# Exercise instructions
Copy the records below exactly as they stand. Leave out the pictures.

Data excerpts
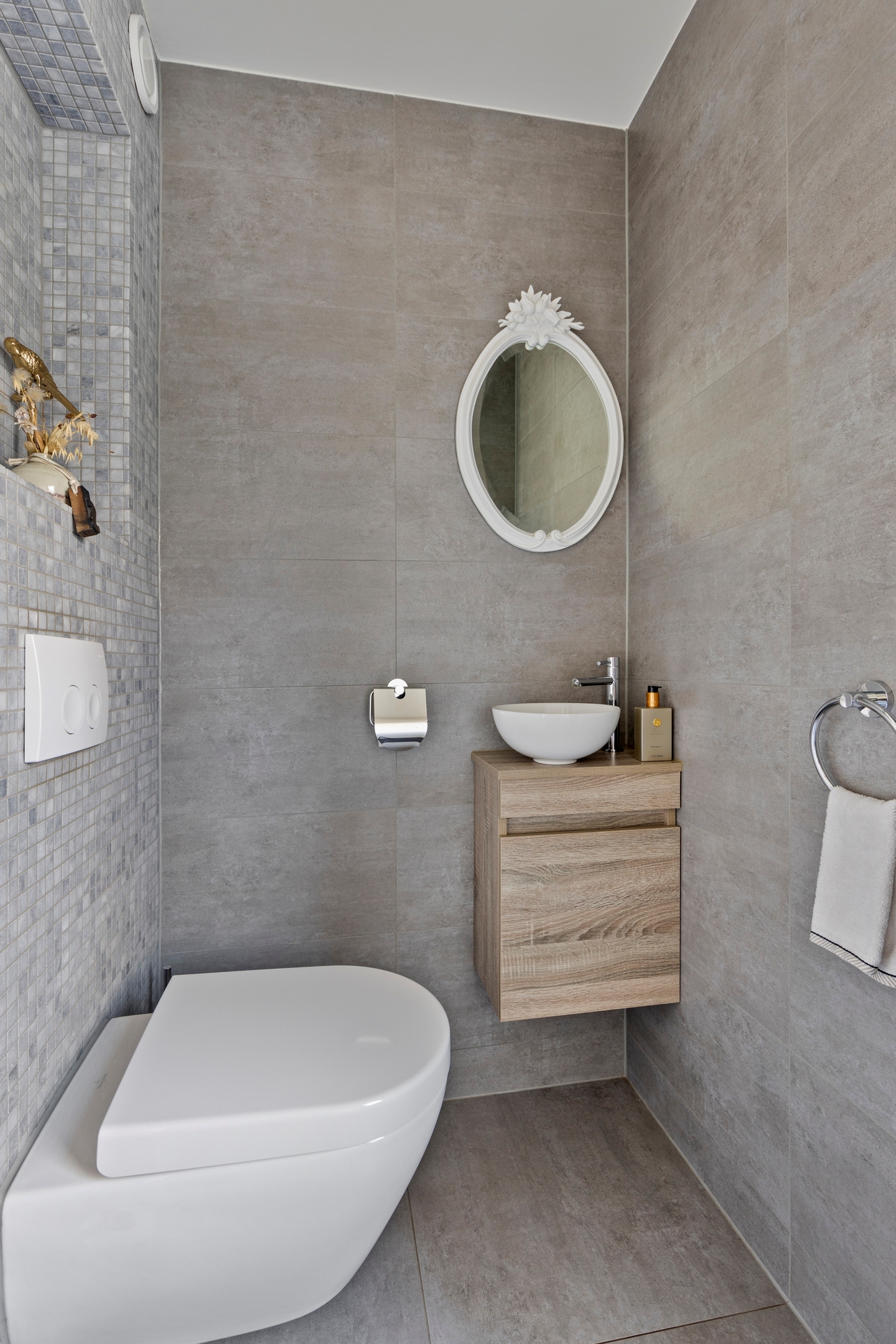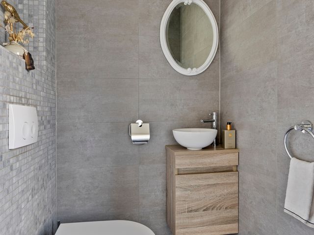 Het toilet is volledig betegeld en voorzien van een hangcloset en een fontein.
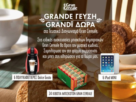 Η σελίδα Grancereale Greece διοργανώνει διαγωνισμό και δίνει τη δυνατότητα σε 1 τυχερό κάθε εβδομάδα να κερδίσει ένα κιβώτιο μπισκότων Gran Cereale, σε 1 τυχερός κάθε 15 του μήνα να κερδίσει μια πολυκαφετιέρα Nescafe Dolce Gusto και σε 1 τυχερό στο τέλος κάθε μήνα ένα Apple iPad Mini Wifi 16GB.
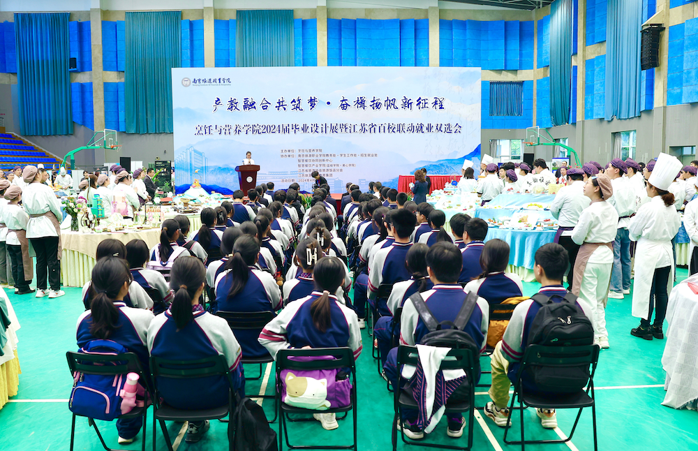 为抢抓毕业生就业关键期,搭建优质人才供需平台,保证2024届毕业生高质量就业,烹饪与营养学院让设计展成为可视化平台,邀请了多家知名餐饮企业代表来校参观并担任评委,同时为企业搭建招聘专区,现场60余家企业为毕业生提供近千个就业岗位。南京旅游职业学院烹饪与营养学院党总支书记陈瑶说:“借助校企合作的良好模式,我们在今年双选会上能够做到约1:3的人岗比,企业对学院毕业生的认可度也比较好。”让一道道生动亮眼的美食成为同学们进入行业的敲门砖,让企业亲眼见证学生手上的真功夫,真真切切打破供需双方的壁垒。
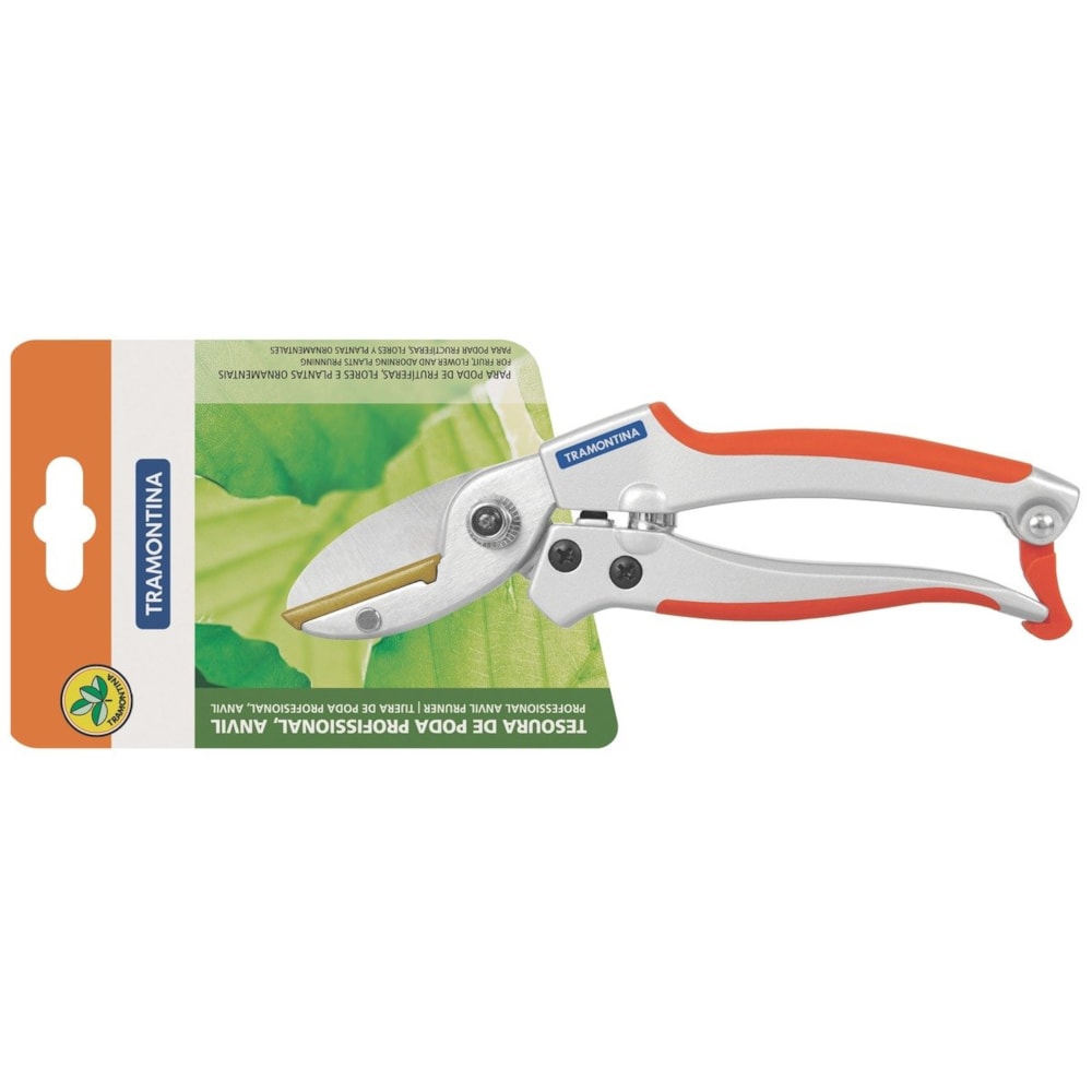 | Recomendações de Uso | A tesoura de poda Professional Tramontina é especialmente desenvolvida para auxiliar na fruticultura, floricultura, silvicultura e paisagismo. Possui cabo ergonômico, trava de segurança e lâminas de aço de alto desempenho. |
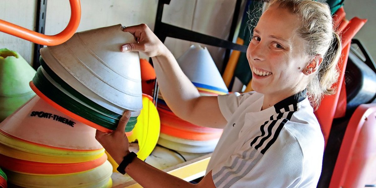 Sie schaut auf die Uhr. Gleich kommen die C-Juniorinnen zum Training. Anne Arzbach hat noch einiges vorzubereiten. Sie marschiert in die Geräte-Garage. Wie immer mit flottem Schritt.

# Response
 Het toilet is volledig betegeld en voorzien van een hangcloset en een fontein.
 Η σελίδα Grancereale Greece διοργανώνει διαγωνισμό και δίνει τη δυνατότητα σε 1 τυχερό κάθε εβδομάδα να κερδίσει ένα κιβώτιο μπισκότων Gran Cereale, σε 1 τυχερός κάθε 15 του μήνα να κερδίσει μια πολυκαφετιέρα Nescafe Dolce Gusto και σε 1 τυχερό στο τέλος κάθε μήνα ένα Apple iPad Mini Wifi 16GB.
 为抢抓毕业生就业关键期,搭建优质人才供需平台,保证2024届毕业生高质量就业,烹饪与营养学院让设计展成为可视化平台,邀请了多家知名餐饮企业代表来校参观并担任评委,同时为企业搭建招聘专区,现场60余家企业为毕业生提供近千个就业岗位。南京旅游职业学院烹饪与营养学院党总支书记陈瑶说:“借助校企合作的良好模式,我们在今年双选会上能够做到约1:3的人岗比,企业对学院毕业生的认可度也比较好。”让一道道生动亮眼的美食成为同学们进入行业的敲门砖,让企业亲眼见证学生手上的真功夫,真真切切打破供需双方的壁垒。
 | Recomendações de Uso | A tesoura de poda Professional Tramontina é especialmente desenvolvida para auxiliar na fruticultura, floricultura, silvicultura e paisagismo. Possui cabo ergonômico, trava de segurança e lâminas de aço de alto desempenho. |
 Sie schaut auf die Uhr. Gleich kommen die C-Juniorinnen zum Training. Anne Arzbach hat noch einiges vorzubereiten. Sie marschiert in die Geräte-Garage. Wie immer mit flottem Schritt.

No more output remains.